The EU is set to overtake the US in a few unfortunate categories:


  • 7 Comments

    • plasma

      I think it’s misleading to write that the “rate of case growth continues to accelerate”. That’s a statement about the third derivative of the number of cases: case growth is the first derivative, rate of case growth is the second, and case growth accelerating means that the third derivative is positive. It’s a statement about the change of the rate of case growth.

      I went through the trouble of graphing the change of the rate of case growth for the last one month of OWiD data. The graph looks like this: https://imgur.com/a/0E86N7W

      You can clearly see that case growth is not accelerating. 

      I also graphed the change in case growth for the sam period: https://imgur.com/a/89J7bN2

      You can see that case growth was accelerating for some time, but hasn’t for about a week now.

      Finally, case growth itself can be seen in the OWiD data explorer (note this graph is cumulative new cases per week rather than per day): https://ourworldindata.org/coronavirus-data-explorer?zoomToSelection=true&time=2020-08-15..latest&country=~OWID_WRL&region=World&casesMetric=true&interval=weekly&perCapita=true&smoothing=0&pickerMetric=location&pickerSort=asc

      This really is rising, so the most we can say is that cases are accelerating. But case growth or the rate of case growth doesn’t have a clear recent trend.

      Thanks for these news roundups!

      0 |
      • Stephanie ArnoldContributor plasma

        I tend to tally case growth for the preceding week. There has been acceleration. Sometimes it holds steady for a long while, growing linearly, sometimes it picks up on a curve. It’s picking up right now. Case growth by millions for preceding weeks (a few weeks are omitted as I didn’t tally them that day):

        2.4 (now)
        2.3
        2.3
        2
        1.9
        1.8
        1.8
        1.8
        1.8
        1.8
        1.8
        1.7
        1.5 (July)

        5 |
      • plasma plasma

        Sure, but that’s not an acceleration in the rate of case growth, that’s an acceleration in case growth. The rate of case growth is pretty consistently 0 or 0.1 from week to week (except for the week that went from 2 to 2.3).
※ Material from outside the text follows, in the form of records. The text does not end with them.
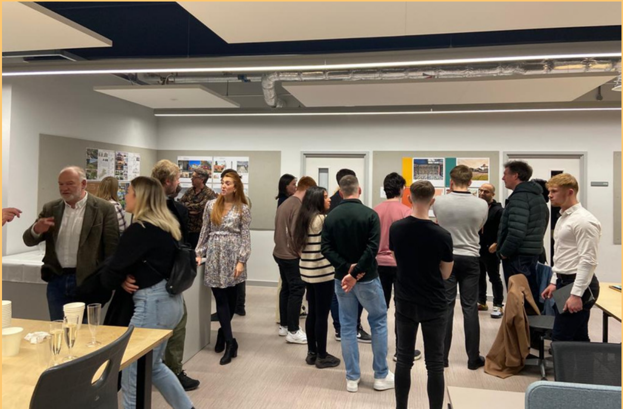
RSAW Practice Exhibition - UWTSO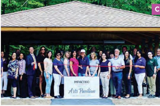
CAMP MORTY PAVILION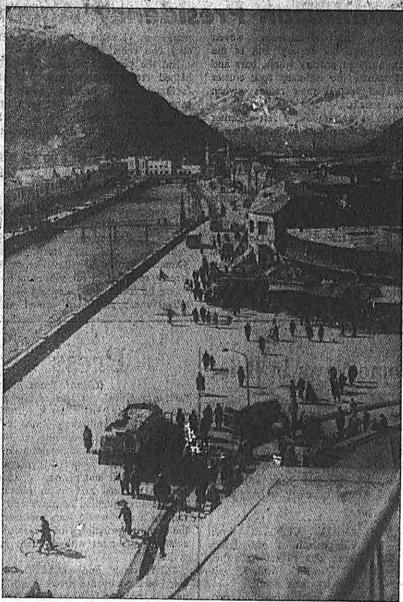
Taken from the top of a building near the Spinzar Hotel, the picture shows the Kabul River, which is full of water at this season.

Towards the right side of the photo new buildings are coming up. They will shield the slum area at behind which Kabul municipality plans to demolish soon.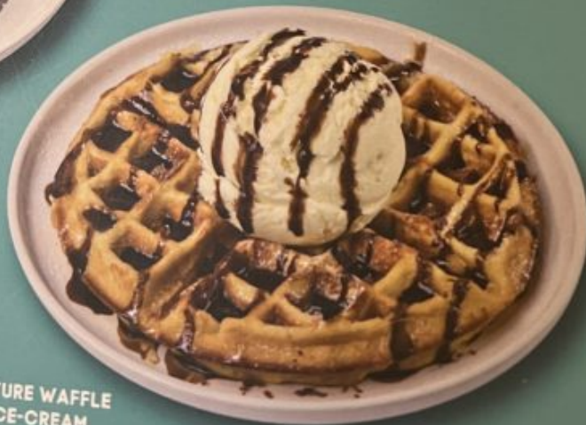
SIGNATURE WAFFLE WITH ICE-CREAM

ALL PRICES ARE SUBJECT TO 10% SERVICE CHARGE AND 9% GST. IMAGES SHOWN ARE FOR ILLUSTRATION PURPOSES ONLY TERMS & CONDITIONS APPLY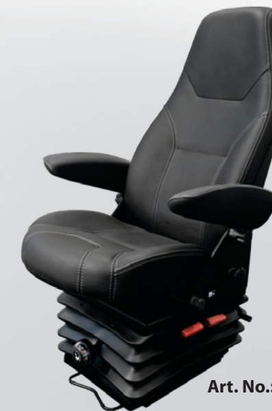
Art. No.: 6028

All sitting heights measures without load - a variation of 2-5 cm may occur depending on the load due to contraction of gas-struts, springs and upholstery. Does not apply the fixed height models. All fixed height columns can be cut to desired sitting height. The / indicates min. max cutting height. If nothing else is agreed, the chair will be delivered with black leather upholstery.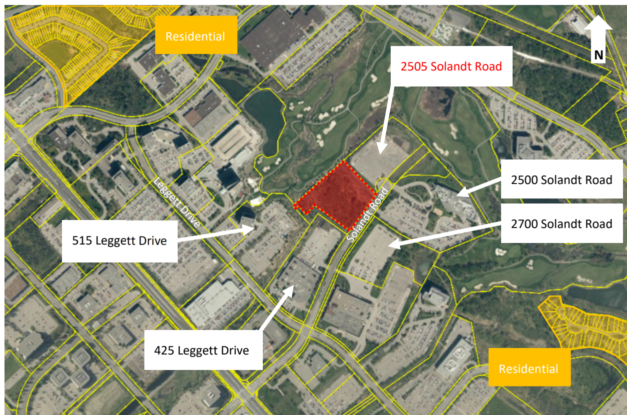
Figure 2: Surrounding Land Uses

Further afield, the Kanata North Business Park continues – as the subject site is roughly in the centre of the park, it is 540m to the nearest non-business park land use, the residential Marshes Village to the south east.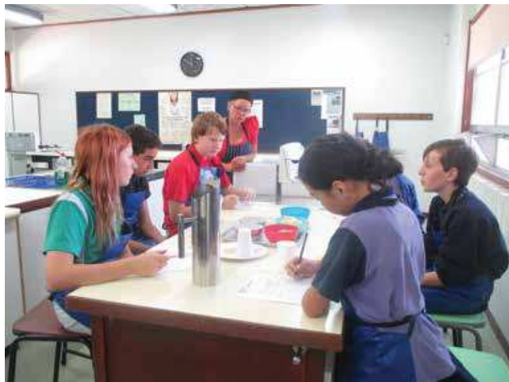
Budding chefs at work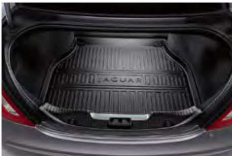
Luggage Compartment Rubber Liner This premium liner tailored specifically for your vehicle will protect the luggage compartment floor with a raised lip around the edges to protect the side walls. Light and durable, it is easily removable for cleaning.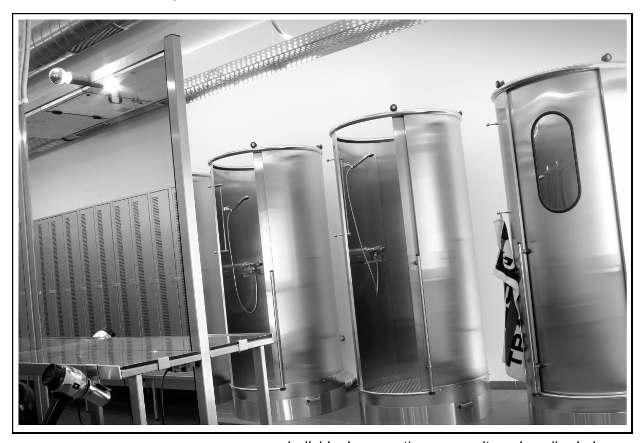
Individual connections per unit as described above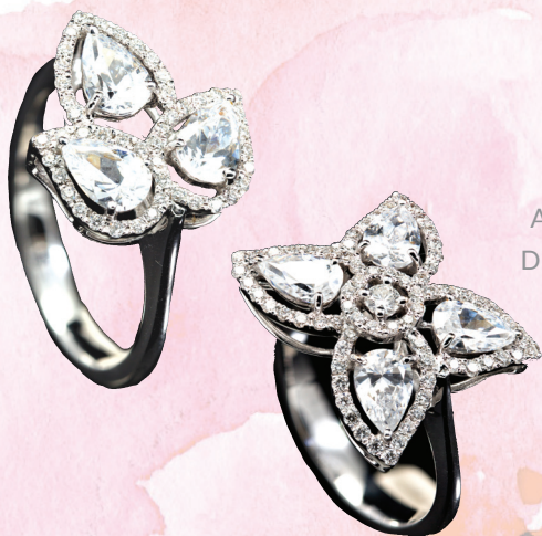
A THREE LEAF AND FOUR LEAF ROSECUT DIAMOND RING SET IN 18KT WHITE GOLD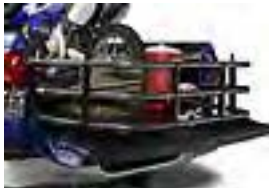
Bed Extender $320.00 Installed MSRP*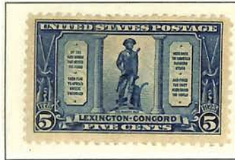
#619 The Minuteman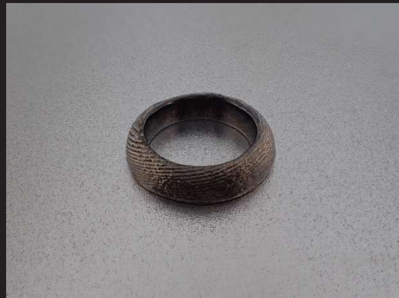
Half moon - 2018 Sterling Silver 24 mm X 24 mm X 5 mm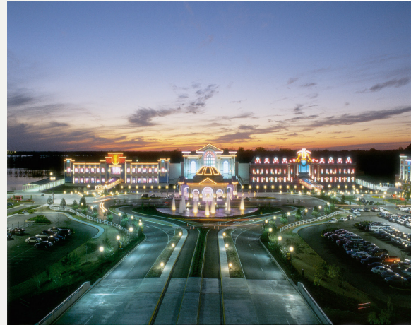
Tunica Convention and Visitors Bureau (TCVB), www.tunicamiss.com

Following the Monday afternoon sessions, attendees can travel to Tunica, MS to experience fun, food, and entertainment. The $30 fee includes roundtrip transportation to and from the Peabody and $10 in free slot play. The bus will board at 5:00pm at the Peabody Hotel and will depart Tunica at 10:00pm.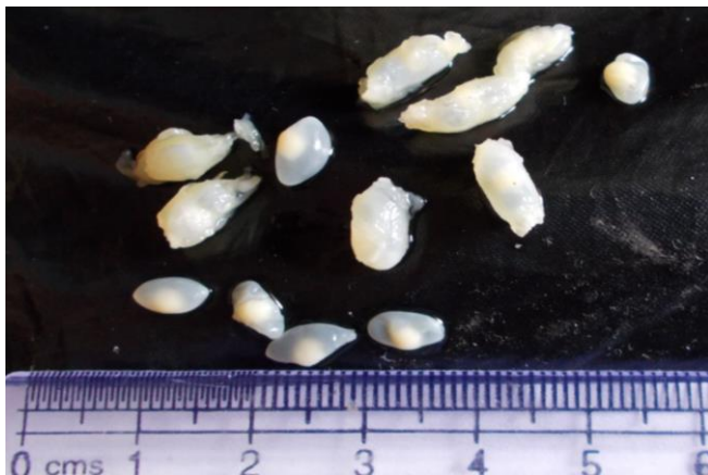
Fig 3: Cysts of Cysticercus cellulosae collected from tissue samples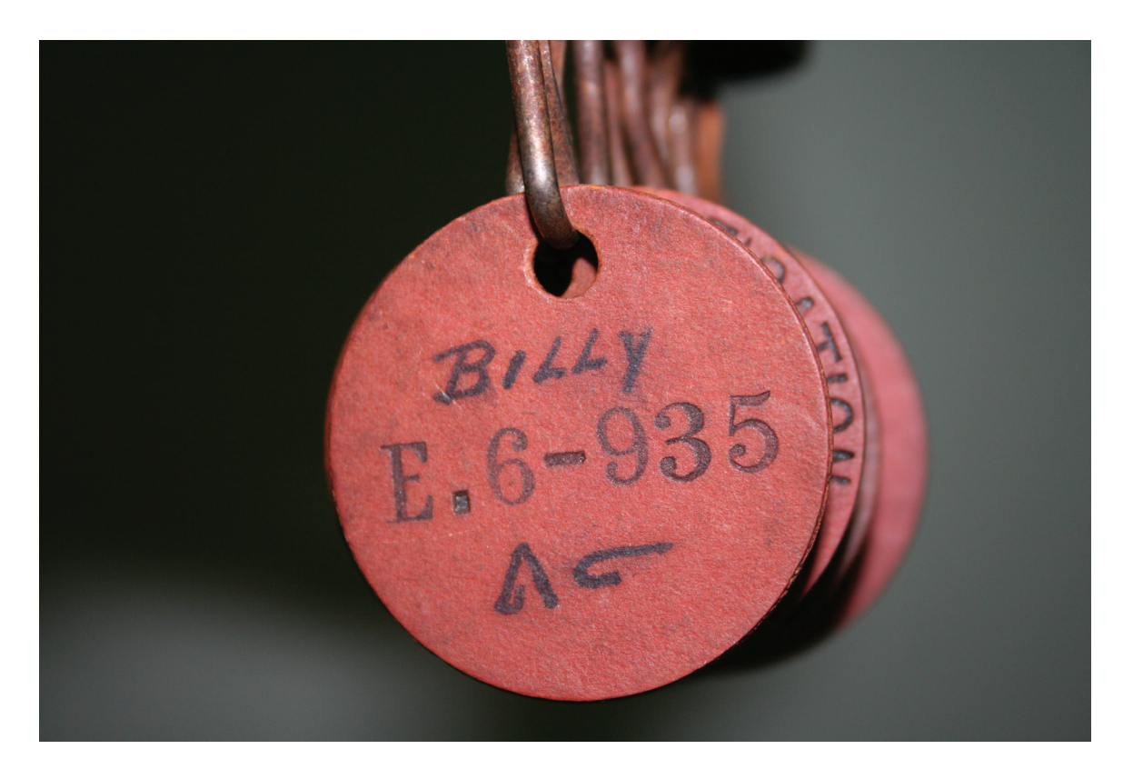
Figure 5: Awareness 2 (2012), digital photograph. This series of photographs brings an awareness to a subject that is not known within Canadian mainstream society. The Eskimo Identification Program was developed by the Canadian government in the 1940s (and operated until the late 1970s/early '80s) as a way of identifying Inuit using numbers.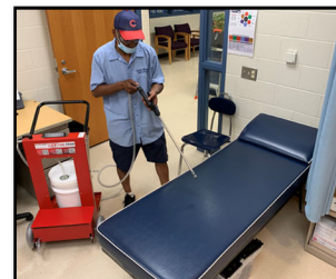
Use in Nurse's Office

        An acceleration in the rate of case growth would be like an acceleration in the rate of speed, meaning that more speed is gained per unit time than before.

        0 |
    • Hardened

      Wow, that’s disappointing to see Europe regressing.  I wonder what the main reasons are for that?

      3 |
      • Stephanie ArnoldContributor Hardened

        We’re seeing a similar rise in the States. Anecdotally, I think it’s fatigue. People want some normalcy and are becoming complacent. 

        4 |
    • woodrow

      Here in Georgia we are in a trough.  I would blame it on mismanaged stats, except my son works at the major charity hospital in Atlanta and they show a trough on internal stats, as well.  Cooler weather in Georgia means we are spending more time outside, so that may account for our trough.  Our peak was in July, when hideous temps drove everyone inside. 

      3 |
      • Stephanie ArnoldContributor woodrow

        Same in my metro area. Hospitalizations and deaths have decreased dramatically in the Los Angeles metro area. I don’t feel that hopeful, though, because I know the trend can reverse.